If anything is to be learned from history, the individual has been strung about by class commitment and social duties.
The greater goings-on of mankind has always been placed in the upmost of importance. The central theme of an individual’s life was what he or she owes to society.
Today, the plight of the individual is the centerpiece on the mantel of history. The individual is the bearer of his or her own fate.
The consequence of dwindling class commitments and social duties is what sociologists call the “individualization phenomenon” occurring within contemporary society by which the individual is required to construct his or her own life.
Once a distant dream of the existentialists, the ability of an individual to move freely within society is in many respects a basic requirement to be successful in the modern world.

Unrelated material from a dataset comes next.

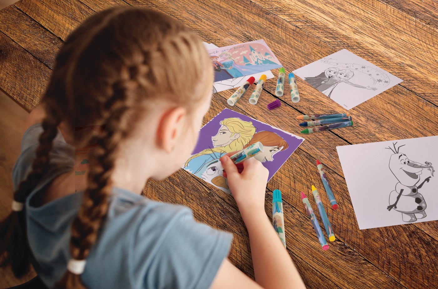 Contine: 10 pagini preimprimate si 10 pagini goale, 6 creioane colorate, 6 markere, 2 foi de sablon, 2 foi de autocolante si o figura de desen pe hartie 2D.

A latent consequence of the individual’s new-found freedom is a rising level of solitude in one’s life. The ability to be alone has become a historical privilege. Privacy plays a dynamic role in the construction of our lives.
One might think that the modern social sphere is categorized by increased transparency, networking and a pervasive purging of personal information.
I’m inclined to think it goes further.
Behind the front of open-ended, free-flowing communication and transparent livelihood is a wall — a threshold for expression and, at the same time, a barrier against expression.
One can create one’s self over the Internet using Facebook, Twitter and Instragram. Expression is manifested in media.
We become the lights we choose to shine. We show ourselves and yet hide ourselves. Rapid communication and expression through media thresholds is an expression of value — value toward privacy — choosing what to express and what not to express.
After contemplation, the contemporary world seems to be approaching the advent of an actualizing age. Increasingly the individual has the privacy and the privilege to reflect and refine. In privacy lies the maze of the self, waiting to be discovered.
In this respect, solitude becomes an adventure, a conquest completed only by one’s self. The privilege to go on a long adventure of thought and reflection, to genuinely take the time to explore the inner working that is the complexity of the individual and his or her situation.
The rewards of such contemplation is endless. A wealth of knowledge, security and confidence spring forth from the individual’s competency in himself or herself.
Socrates said, “Know thyself.” Author Albert Camus felt one should “know himself like the palm of his hand.” Philosopher Søren Kierkegaard believed “the self rests transparently in the power that established it.”
The privilege of privacy allows the individual time to learn. In learning about one’s accomplishments and desires, movements and freedoms become realized and actualized — and that, above all things, should be kept sacred.